13th Feb.– Went out at sunrise to visit villages, and put our usual questions. They are distinctly more flourishing than nearly any we have visited, and Rustemji, who is by no means a small believer in English systems, declares they are not exceptionally so. In one village we, for the first time, received the answer that ‘Nobody was in debt for they had enough to live upon.’ Neither do they complain much of the salt tax, though salt is dearer here than in Bellari, only saying that it used to be cheaper, that is, twelve seers instead of nine to the Halli Sicca rupee. The Hyderabad Government charged five per cent. over and above the English Government price. The assessment is about thirty per cent. on the gross produce, at which figure, too, Rustemji puts the Bombay assessment. The seed corn he calculates at from fifteen to twenty per cent., but a villager we asked put it at one in twelve. I strongly advised these revenue men to advocate a reduction of the assessment, which they agreed would bring ryots in from British territory, and pay in the end. They thought fifty years assessments would pay, too, on these lines.

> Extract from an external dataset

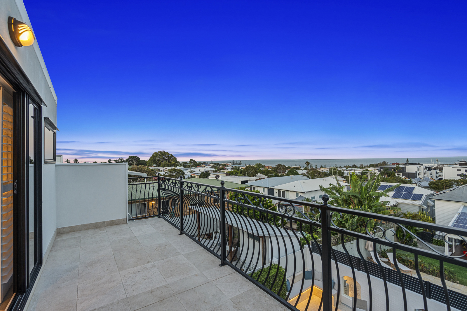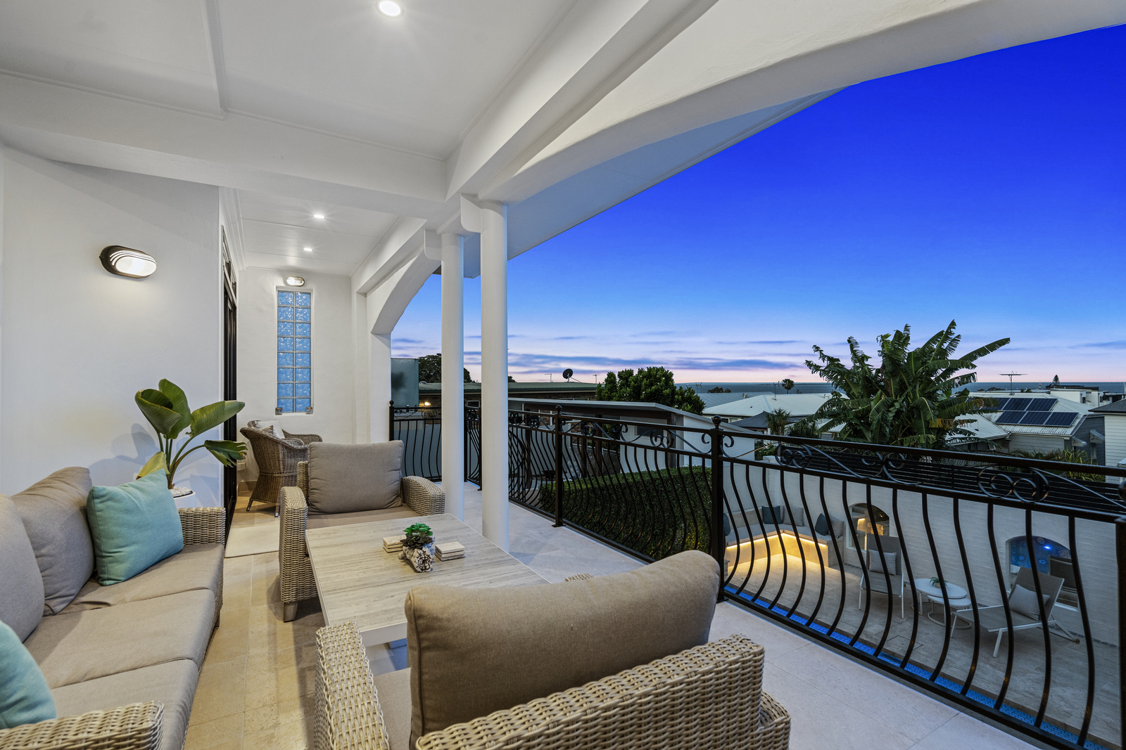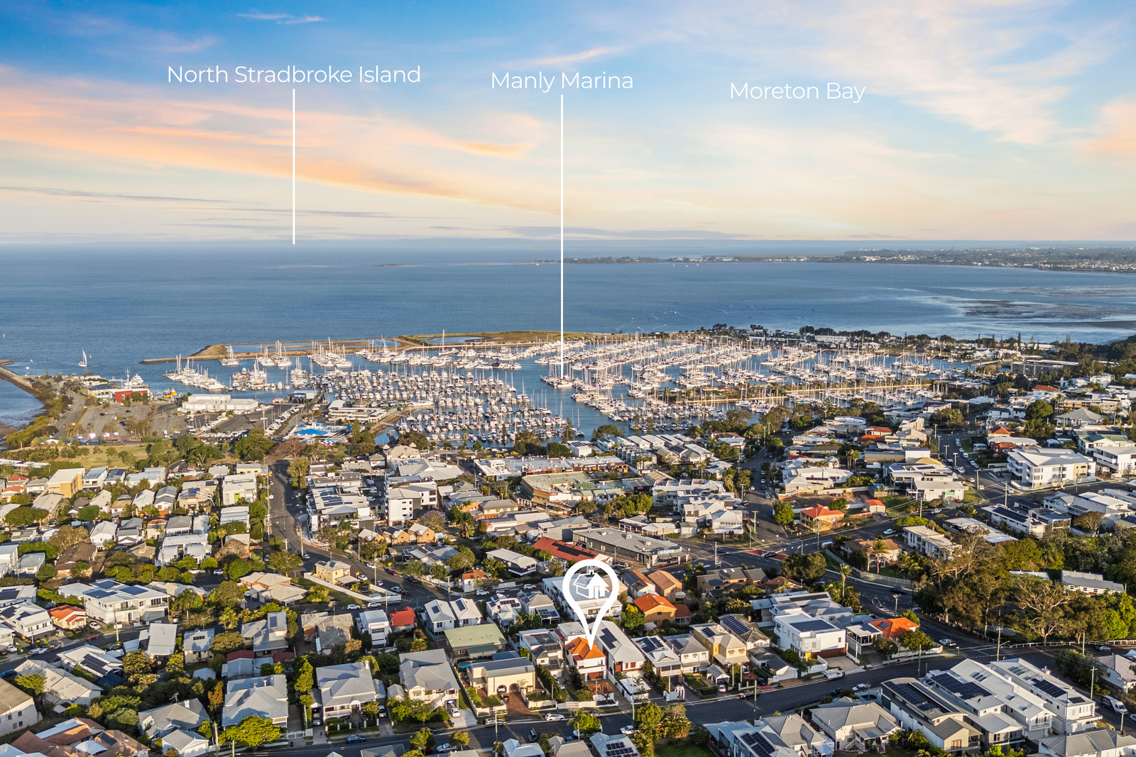 This immaculate Mediterranean-style home is situated on a 506sqm block and captures remarkable 180-degree views of the beautiful Moreton Bay, Manly Marina, and the bay islands.

“Spent the day in the bungalow as it was very hot, and at half past 4 o’clock went on to Bombay, after having instructed two of the Mulvis of Kalbarga in my ideas, and gained their support for the university.”

N.B.– The following is the account given me by an Indian gentleman in whom I have confidence, of the final act of the long official intrigue here described at Hyderabad, which had for its object the permanent retention of the Berar provinces by the Government of India: Twenty years after Lord Ripon’s visit, another viceregal visit was paid to Hyderabad, and the Nizam was pressed by Lord Curzon at the close of an entertainment at the palace to accord him a perpetual lease of the Provinces for the Indian Government, and the Nizam, in deference to his guest, verbally consented. In the morning, however, he would have recalled his promise, and it was only on compulsion, and on threat of deposition, that he signed the treaty laid before him as a binding document by the Resident. The form of a lease was chosen to evade Lord Ripon’s honest assurances at the time of the installation, and there are many precedents for the subterfuge. The Nizam, my informant added, refused for four days to take food after this occurrence.